▶ Exercise
Starting at the first line of the data, please print exactly those lines through the one that holds "Picture shows Comfort", omitting every picture.

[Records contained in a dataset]
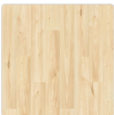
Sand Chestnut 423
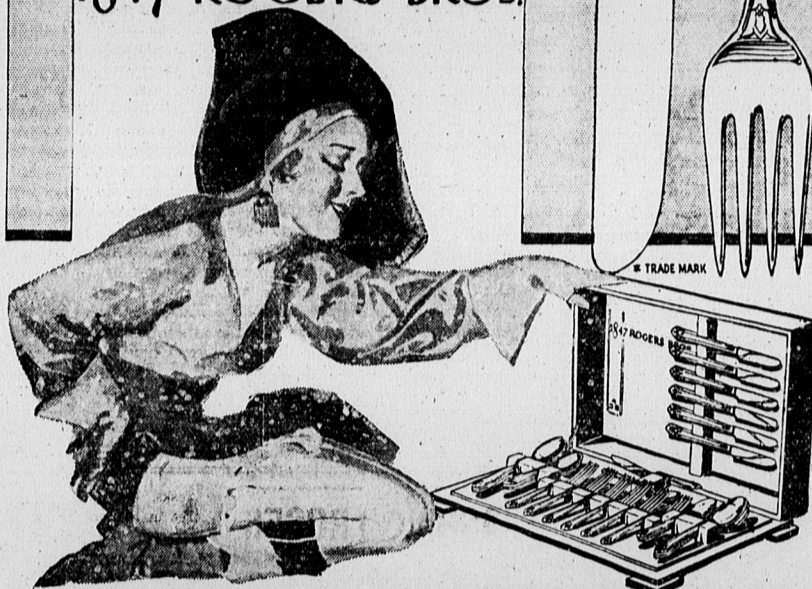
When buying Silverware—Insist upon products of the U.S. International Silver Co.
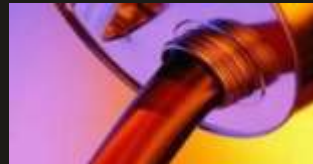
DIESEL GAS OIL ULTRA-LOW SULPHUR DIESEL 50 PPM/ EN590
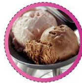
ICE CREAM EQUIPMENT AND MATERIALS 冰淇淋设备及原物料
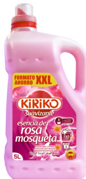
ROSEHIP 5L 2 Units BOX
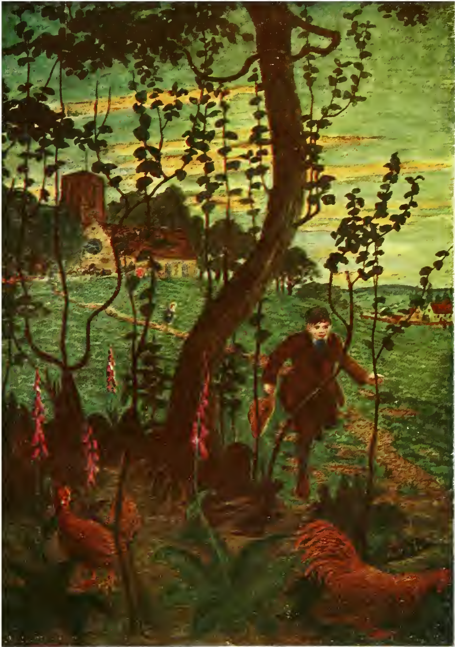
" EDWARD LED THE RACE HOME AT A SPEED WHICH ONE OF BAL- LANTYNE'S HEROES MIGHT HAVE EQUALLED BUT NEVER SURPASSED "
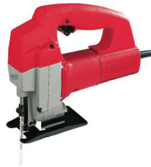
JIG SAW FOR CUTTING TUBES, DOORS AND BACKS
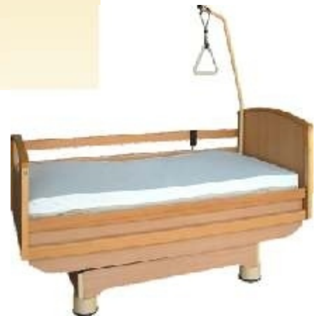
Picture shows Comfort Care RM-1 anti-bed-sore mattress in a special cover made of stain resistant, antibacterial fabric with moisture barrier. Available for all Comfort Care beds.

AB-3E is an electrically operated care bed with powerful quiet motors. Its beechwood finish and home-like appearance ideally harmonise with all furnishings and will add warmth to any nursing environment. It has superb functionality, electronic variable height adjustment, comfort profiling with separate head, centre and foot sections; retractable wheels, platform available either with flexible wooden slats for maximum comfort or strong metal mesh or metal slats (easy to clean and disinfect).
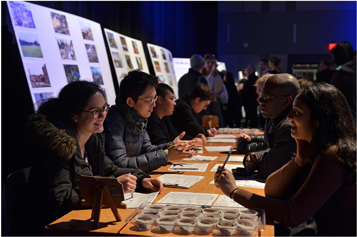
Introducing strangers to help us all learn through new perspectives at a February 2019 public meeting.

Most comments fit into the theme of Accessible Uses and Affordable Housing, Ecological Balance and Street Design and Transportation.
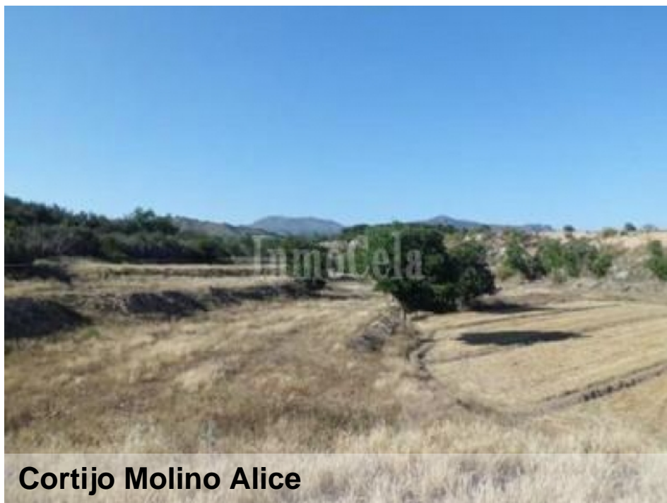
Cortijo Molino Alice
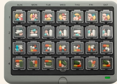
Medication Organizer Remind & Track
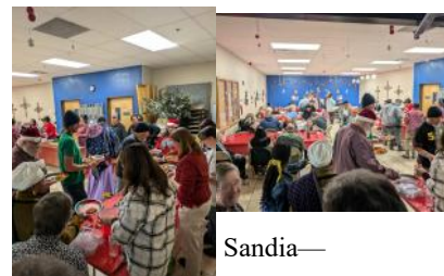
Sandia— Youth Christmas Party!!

▶ Exercise result
Sand Chestnut 423
When buying Silverware—Insist upon products of the U.S. International Silver Co.
DIESEL GAS OIL ULTRA-LOW SULPHUR DIESEL 50 PPM/ EN590
ICE CREAM EQUIPMENT AND MATERIALS 冰淇淋设备及原物料
ROSEHIP 5L 2 Units BOX
" EDWARD LED THE RACE HOME AT A SPEED WHICH ONE OF BAL- LANTYNE'S HEROES MIGHT HAVE EQUALLED BUT NEVER SURPASSED "
JIG SAW FOR CUTTING TUBES, DOORS AND BACKS
Picture shows Comfort Care RM-1 anti-bed-sore mattress in a special cover made of stain resistant, antibacterial fabric with moisture barrier. Available for all Comfort Care beds.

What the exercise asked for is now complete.